### What needs to be done
Each line below from the one containing "Cuenta con dos" through the one containing "Description: A futuristic" should be output exactly as it stands, and no other line should appear.

### Information shown

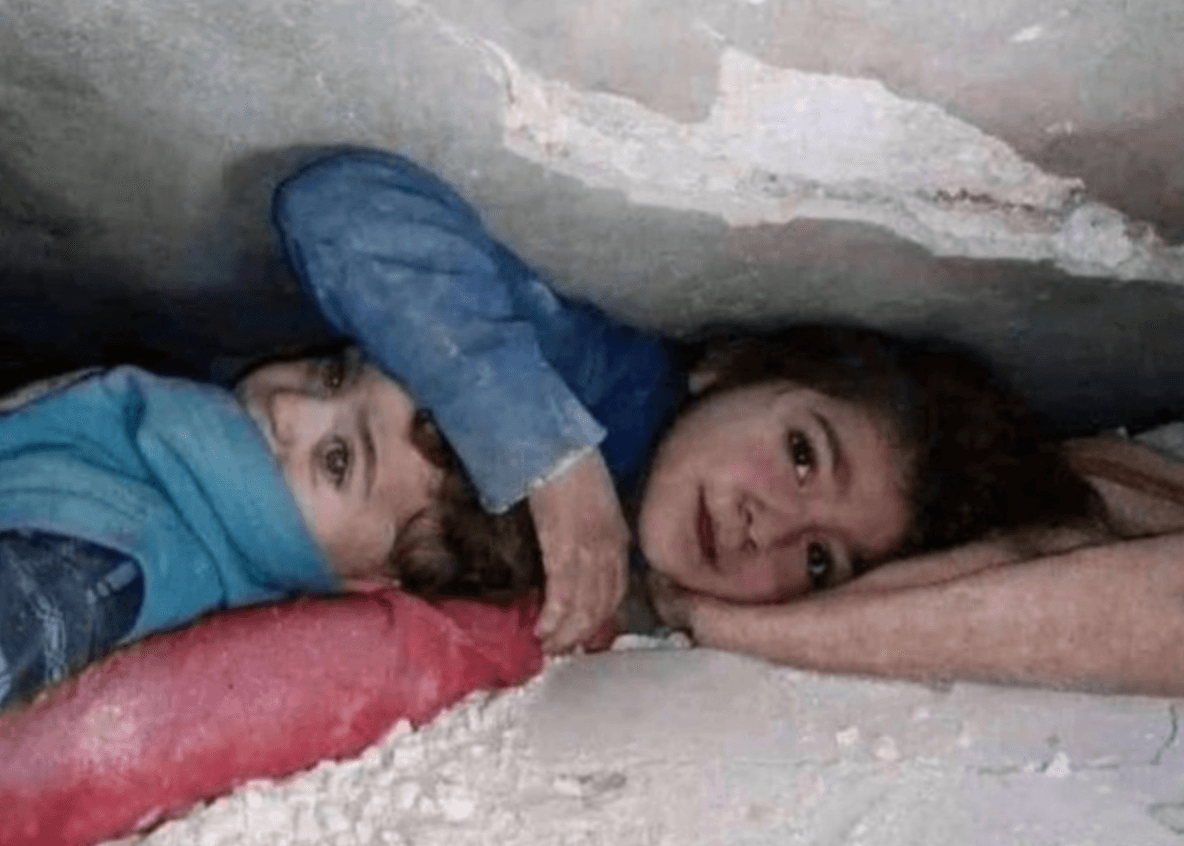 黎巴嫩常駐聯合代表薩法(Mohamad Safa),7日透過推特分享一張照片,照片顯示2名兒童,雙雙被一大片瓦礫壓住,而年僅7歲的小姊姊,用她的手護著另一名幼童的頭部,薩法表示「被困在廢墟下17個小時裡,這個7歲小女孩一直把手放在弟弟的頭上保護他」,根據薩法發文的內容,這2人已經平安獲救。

...

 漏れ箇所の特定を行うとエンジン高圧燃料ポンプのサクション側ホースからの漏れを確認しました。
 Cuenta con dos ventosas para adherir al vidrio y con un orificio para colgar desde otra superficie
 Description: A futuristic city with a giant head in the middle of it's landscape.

...

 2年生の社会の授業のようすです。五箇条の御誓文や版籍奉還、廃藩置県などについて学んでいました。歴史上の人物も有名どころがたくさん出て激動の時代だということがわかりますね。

### Response to this exercise
 Cuenta con dos ventosas para adherir al vidrio y con un orificio para colgar desde otra superficie
 Description: A futuristic city with a giant head in the middle of it's landscape.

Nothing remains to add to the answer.